In low-risk gestational trophoblastic neoplasia (GTN) patients, a predictive marker for early identification of methotrexate (MTX) resistance would be useful. We previously demonstrated that kinetic modelling of human chorionic gonadotrophin (hCG) measurements could provide such a marker. Here we validate this approach in a large independent patient cohort.

Serum hCG measurements of 800 low-risk GTN patients treated with MTX were analysed. The cohort was divided into Model and Test data sets. hCG kinetics were described from initial treatment day to day 50 using: '(hCG(time))=hCG0*exp(-k*time)+hCGres', where hCGres is the modelled residual production, hCG0 is the baseline hCG level, and k is the rate constant. HCGres-predictive value was investigated against previously reported predictors of MTX resistance.

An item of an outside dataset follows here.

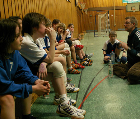 Eine tolle ?gemischte? Truppe, die da im Laufe der Saison unter der Leitung von Trainer Hansi Helle zusammen gewachsen ist. Gemeinsam durch Dick und Dünn und Höhen und Tiefen manövrierte sich das zu Beginn der Saison neu formierte Team. Auch wenn der sportliche Erfolg entsprechend dem Tabellenplatz nicht messbar scheint, haben sich die Jungs und Mädchen spielerisch sowohl in der Defensive als auch in der Offensive enorm weiterentwickelt. Nach dem spannenden Auswärtsspiel in Igel, in dem sich die Gerolsteiner Gäste noch knapp mit 22:20 geschlagen geben mussten, siegte die Truppe im darauffolgenden Heimspiel gegen die Gäste aus St. Matthias Konz in beeindruckender Manier mit Spielwitz und schon überzeugendem handballerischen Können mit 31:24. Während die Jungs (Jahrgänge 1995/1996) zusammen mit Hansi Helle in die zweite D-Jugend Saison starten, wandert das Gro der Mädels altersbedingt ?nach oben? in die weibl. C-Jugend bzw. in die neue weibl. D-Jugend um dort auf Torejagd zu gehen. Auch wenn schon Abschied bei einer gemeinsamen ?Kabinenpizza? gefeiert wurde, wird sich die Truppe nicht aus den Augen verlieren. Schließlich gilt es ja immer noch die ?Großen? gemeinsam von der Tribüne aus anzufeuern!
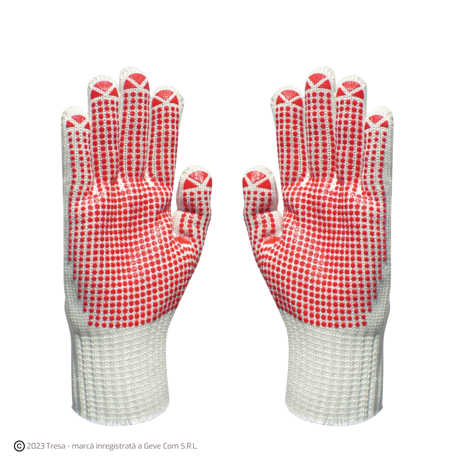 Mănușile GANSTRONG 4379 sunt concepute pentru activități generale și grele în medii uscate. Acestea sunt realizate din tricot de bumbac la interior pentru confort, combinat cu poliamidă la exterior pentru rezistență sporită. Modelul este fără cusături, cu un tricot de ecartament 7 și buline roșii antiderapante cu cap aplatizat pe palmă, asigurând o aderență excelentă la manipularea obiectelor.

Declining hCG measurements were well fitted by the model. The best discriminator of MTX resistance in the Model data set was hCGres, categorised by an optimal cut-off value of >20.44 IU l(-1): receiver-operating characteristic (ROC) area under the curve (AUC)=0.87; Se=0.91; Sp=0.83. The predictive value of hCGres was reproducible using the Test data set: ROC AUC=0.87; Se=0.88; Sp=0.86. Multivariate analyses revealed hCGres as a better predictor of MTX resistance (HR=1.01, P<0.0001) and MTX failure-free survival (HR=13.25, P<0.0001) than other reported predictive factors.

hCGres, a modelled kinetic parameter calculated after fully dosed three MTX cycles, has a reproducible value for identifying patients with MTX resistance.